*** Data shown ***

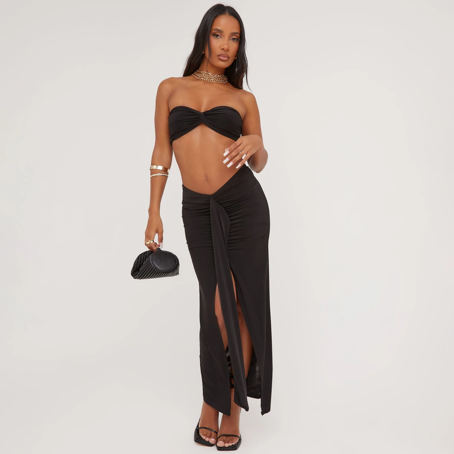 EGO Dipped Waist Knot Drape Detail Maxi Skirt In Black Slinky
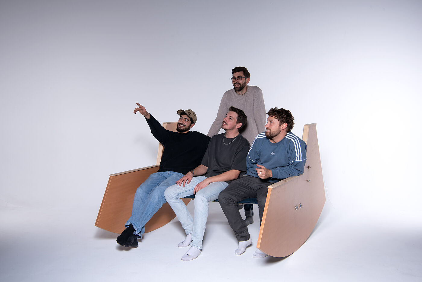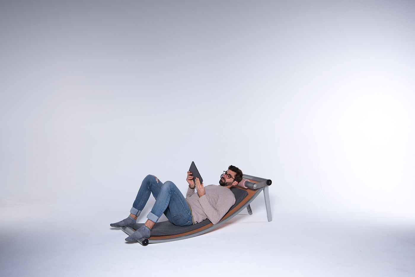 3-Sitzer Schaukelbank und Liegemöbel mit verstellbarer Kopfstütze, Entwürfe von Kilian Ebeling, Furkan Erenkya, Nick Cäsar Körbelin, Kumaresan Muthukumarasamy, Emil Pflug
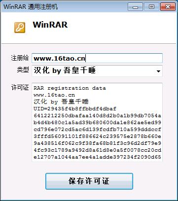 2.打开注册机,输入注册信息。比如“吾皇千睡”,点击 保存许可证,选择保存路径为WinRAR的软件安装路径下
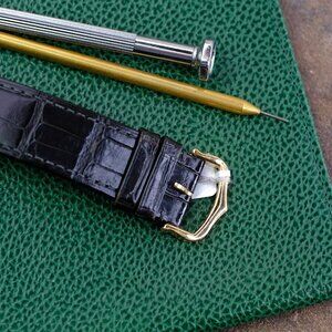 Bracelet / Strap: Black Leather Strap with Cartier 18K Rose Gold Deployant Buckle
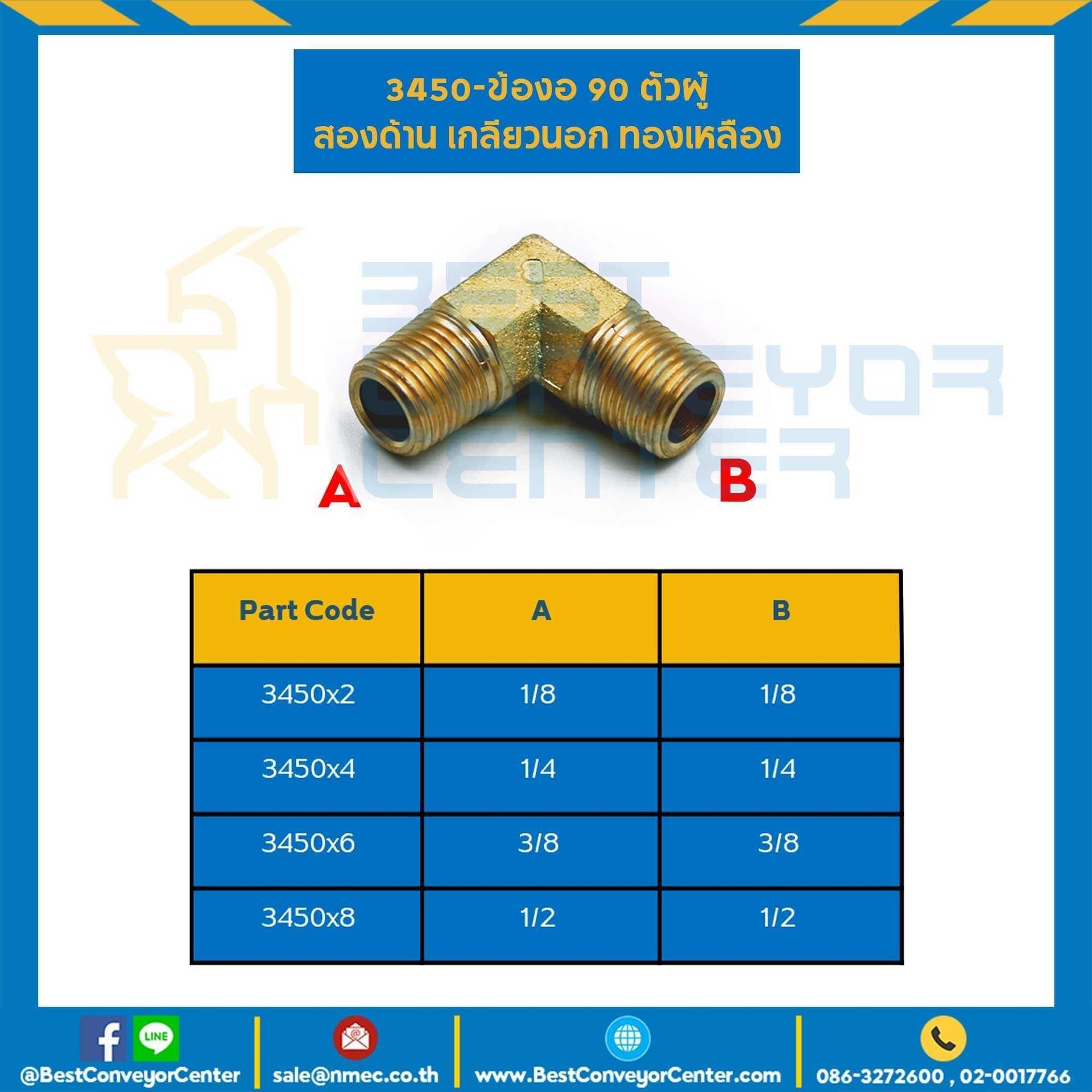 ข้องอ 90 ตัวผู้สองด้านเกลียวนอกทองเหลือง 3450×6
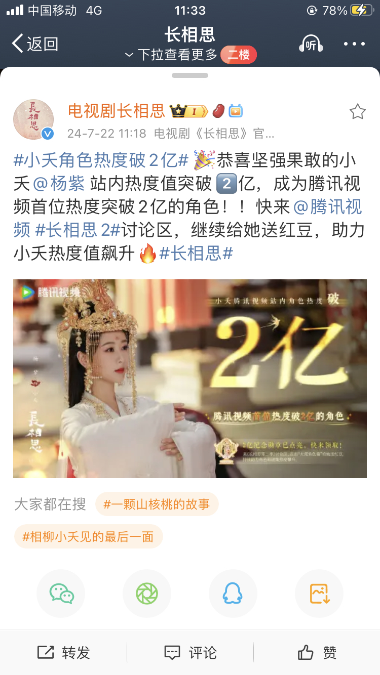 #小夭角色热度破2亿##杨紫小夭# 还未开播小夭热度就1亿,以一己之力拉回了好多
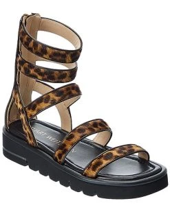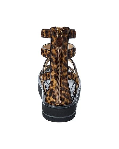 - Gala Lift Haircalf Sandal in cheetah haircalf and gold-tone hardware with strappy design
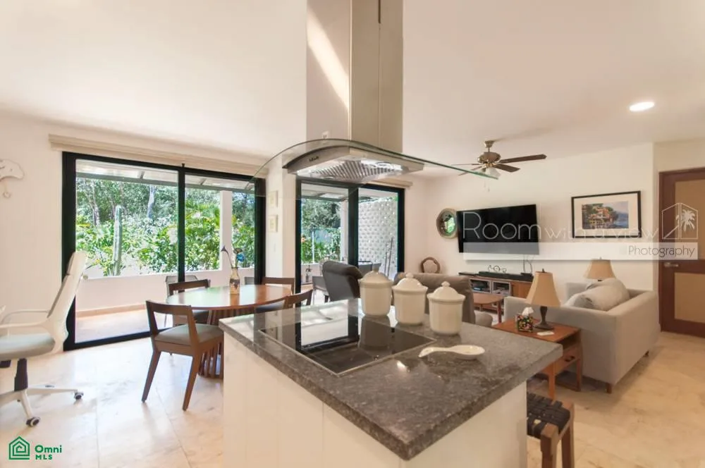 This garden level condo is located in Anah Village within the Akumal area. It features indoor-outdoor living spaces and is part of a 717-acre residential resort community. The complex is situated near a golf course and the Caribbean coast. Tulum Country Club, formerly known as Bahia Principe, lies in the Riviera Maya, approximately halfway between Playa del Carmen and Tulum, and about 50 miles south of the airport.
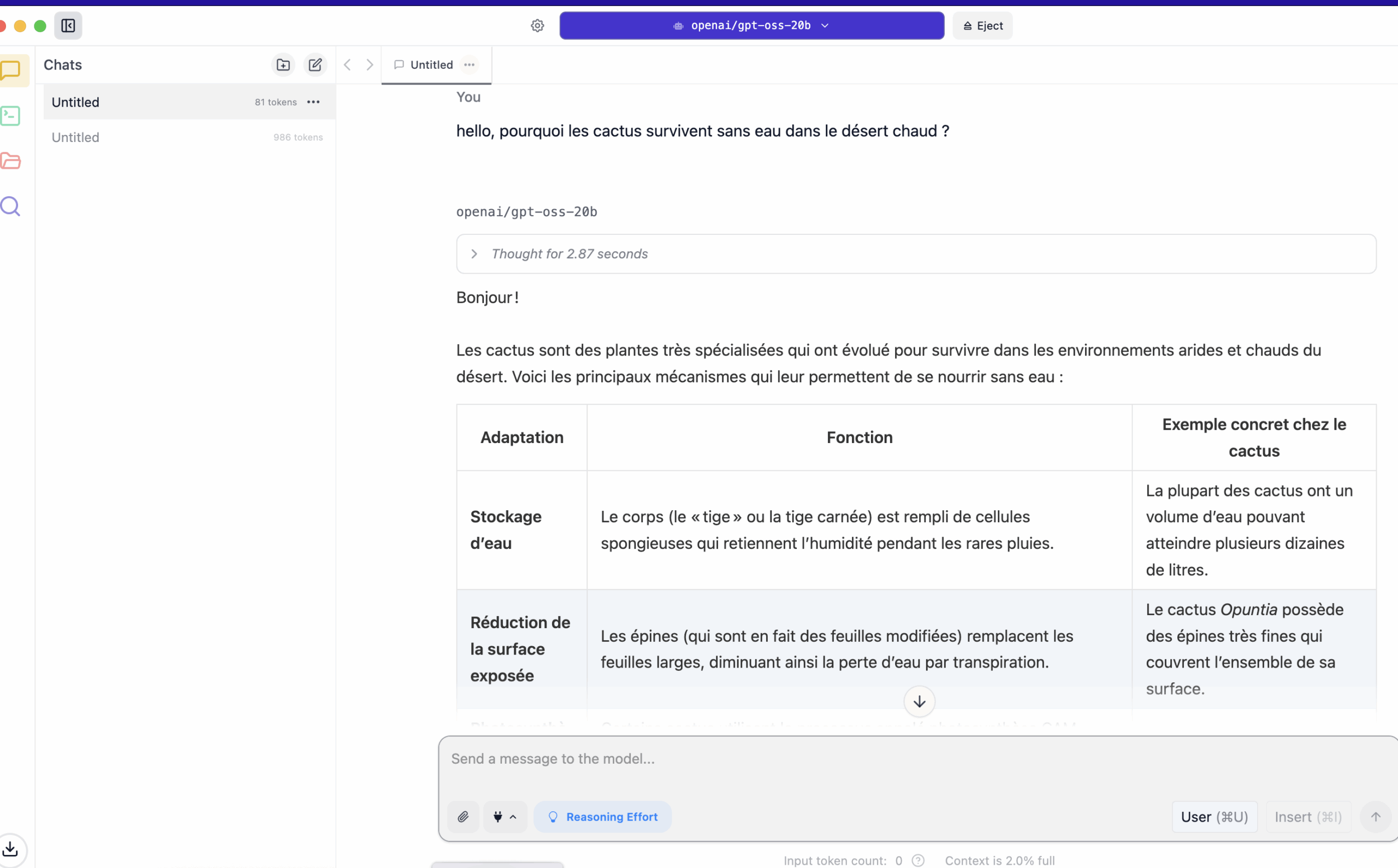 Prévoyez également 15 Go d’espace disque libre pour télécharger le modèle 20B. Le modèle 120B dépasse quant à lui les 60 Go. - Logiciel : Une version récente de macOS est recommandée. Vous pouvez utiliser Ollama, LM Studio, ou les deux. Ces outils sont compatibles macOS. Il vous faudra aussi accéder au Terminal pour certaines commandes de base.
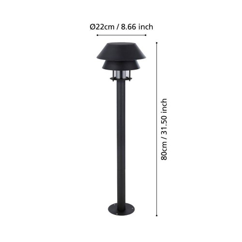 Stâlp exterior CHIAPPERA 900803, H800 mm, Ø220 mm, E27, 1X40W, IP65, oțel, negru, alb, sticlă transparentă
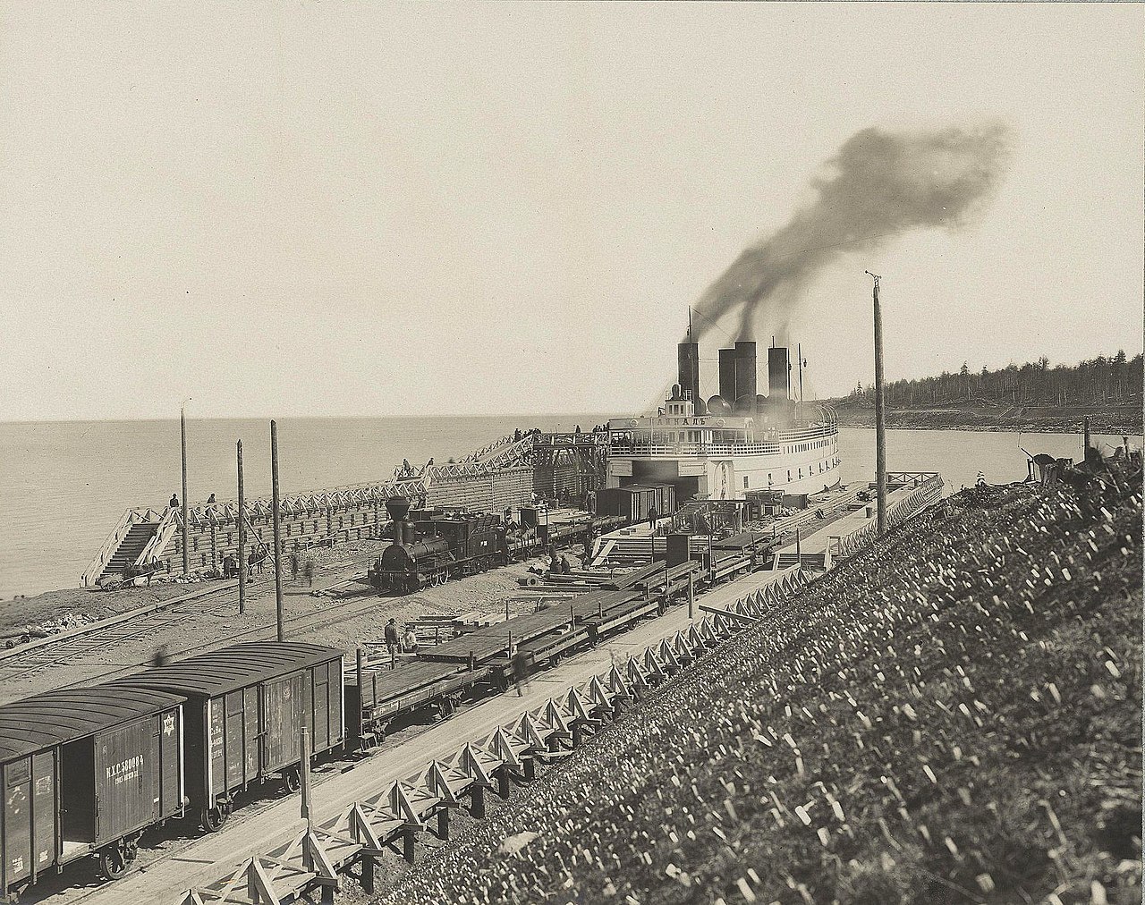– Трансиб построили, но, к тому времени изменился состав Антанты, Франция проиграла войну объединенной Германии, и настояла на том, чтобы в состав союза была включена Англия. Напоминаю, что продвижение России на юг и восток было антибританским делом. В результате, под давлением Англии, Трансиб оказался разорванным на три части. Первоначально существовало три проекта Кругбайкальской магистрали: по реке Иркут, по реке Ольха, притоку Иркута, и вдоль реки Ангара до порта Байкал. Англичане предложили, ссылаясь на сложности прокладки пути, спроектировать и построить для России паровые паромы-ледоколы. Быстренько состряпали проект и передали его России. Паром изготавливался в Ньюкастле, а собирали его в селе Лиственничном на Байкале, на правом берегу Ангары. Назывался «Байкал», его мощность была 3750 лошадиных сил:
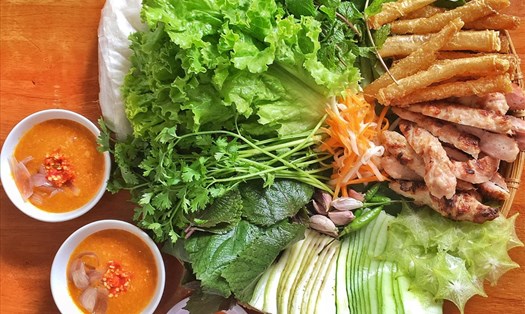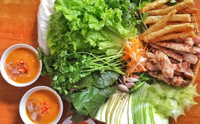 Nem nướng là món ăn nổi tiếng nhất định phải thử khi đến Nha Trang để cảm nhận hương vị khác biệt, đặc trưng tại đây. Nem nóng mềm, dai mà không hề bị khô, khi ăn thì cuốn cùng bánh tráng, ram, rau, nộm chua từ xoài, cà rốt, củ cải và bún tươi. Điểm nhấn của món ăn này là nước chấm có cách pha riêng, sền sệt, vị vừa ăn mà đủ để dậy thêm phần đậm đà cho nem.

*** End of Data shown ***

Would you please reproduce the entries above, starting at the line with "Bracelet / Strap: Black" and stopping after the line with "- Gala Lift"? Omit any pictures.

• **Exercise answer**
 Bracelet / Strap: Black Leather Strap with Cartier 18K Rose Gold Deployant Buckle
 ข้องอ 90 ตัวผู้สองด้านเกลียวนอกทองเหลือง 3450×6
 #小夭角色热度破2亿##杨紫小夭# 还未开播小夭热度就1亿,以一己之力拉回了好多
 - Gala Lift Haircalf Sandal in cheetah haircalf and gold-tone hardware with strappy design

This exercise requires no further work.